Following the Baoshang Bank seizure on May 24, Beijing’s dilemma between financial reform and financial stability is clearly in view. Only administrative pressure on large banks to maintain short-term lending to risky institutions is currently preventing a larger credit crunch. The interbank market tension is weakening Beijing’s overall control over China’s macroeconomy, and despite assurances of stability, we expect additional credit events and financial system turbulence.

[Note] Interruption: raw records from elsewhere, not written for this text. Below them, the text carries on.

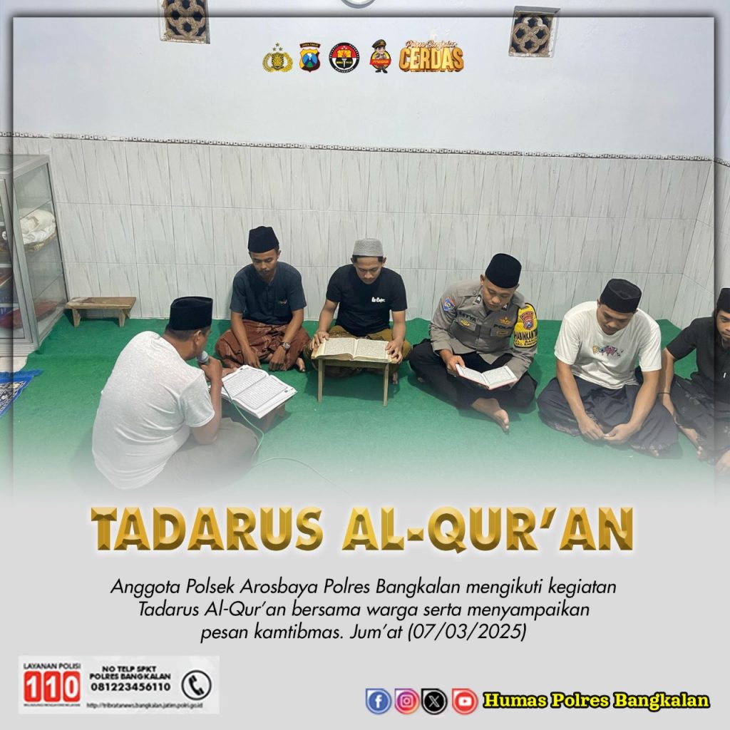 Dalam rangka memeriahkan bulan suci Ramadan, Setya anggota Polsek Arosbaya Jajaran Polres Bangkalan mengikuti kegiatan tadarus Al-Quran dan menyampaikan Kamtibmas, pada Jumat (7/3/2025).
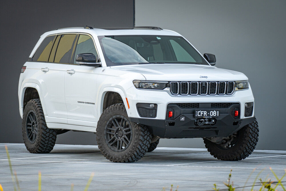 While the Grand Cherokee WL (5 seater) and L (7 Seater) are a good looking rig, they lack some frontal protection and have a vulnerable front end not really that suited for going off road. With no protection you're likely to either scratch, gouge or even rip off your factory bumper. Fear not, Offroad Animal has a super stylish Pre runner style steel front bumper system for your rig. This steel bumper basically acts like a bash plate system while give you tons more clearance which also reduces the risk of front end damage.
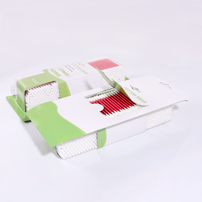 Private Label 500pcs Double Ended Cotton Bud Premium Paper Stick Swabs with Blister Card Packaging
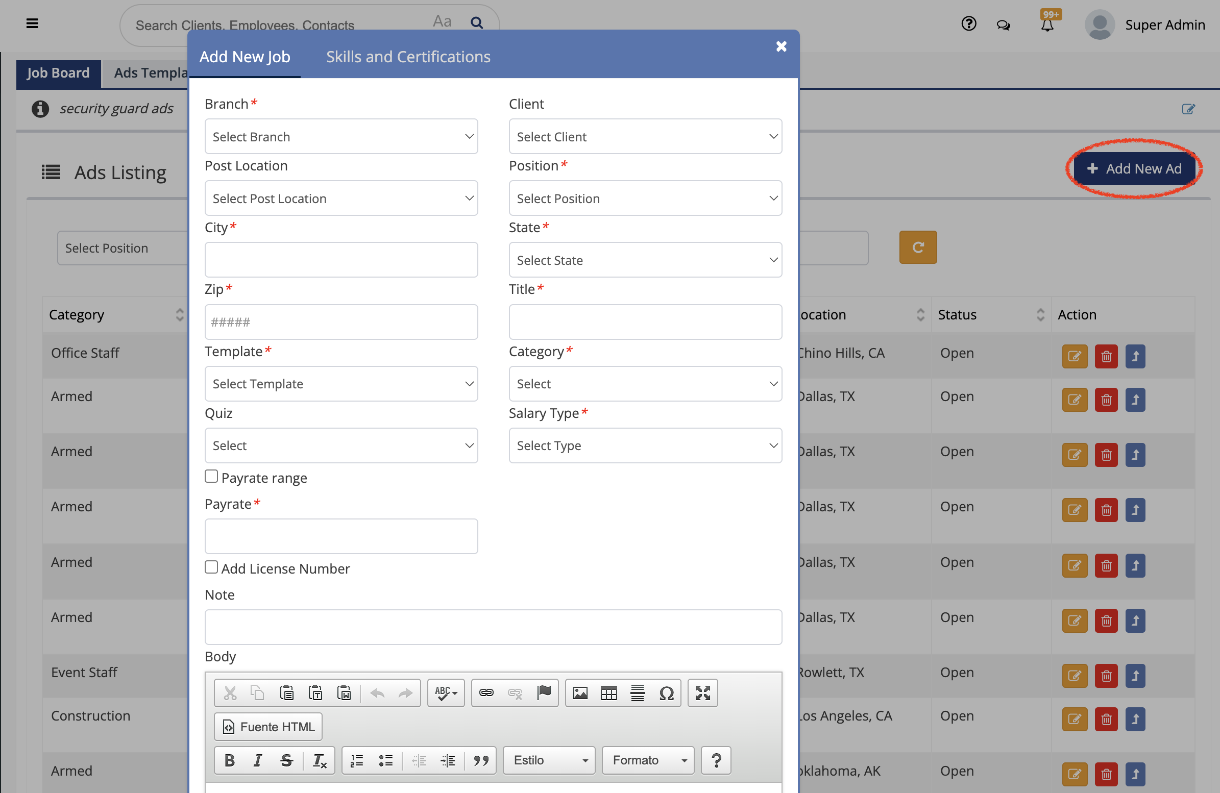 - When editing a previous ad or creating a new one, a pop-up window will open and you can assign a title or rephrase the existing title. Then you can start typing out the body of the ad template. This would be information about the job posting.
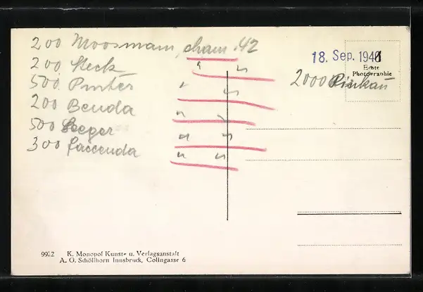 Personenbezogene Daten auf der Rückseite der Karte wurden durch blauen Textmarker unkenntlich gemacht. Die blauen Stellen sind auf die Vorderseite durchgeweicht und wirken sich negativ auf das Postkartenfoto aus
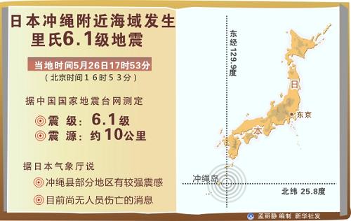 日本冲绳附近海域发生里氏6.1级地震

You Can’t Always Get What You Want
China’s financial system has entered a new era in the last two months, as risks have emerged that strike at the heart of economic and financial stability. For the first time since 1998, a financial institution in China has failed, and markets must price that failure into dealings with other institutions. This counterparty solvency risk has been a key component of credit risk in other economies, but has not existed until recently in China, where financial stability was buoyed by the belief that government-backed financial institutions are effectively guaranteed.
That assumption has now expired. Baoshang Bank’s seizure by regulators on May 24 has created structural liquidity distribution problems in China’s interbank money market, which is vital to the financial system’s overall function. The market’s liquidity chain, with money lent from policy banks and large banks to small banks and then to non-bank financial institutions (NBFIs), remains ruptured, even as the central bank tries to piece it back together.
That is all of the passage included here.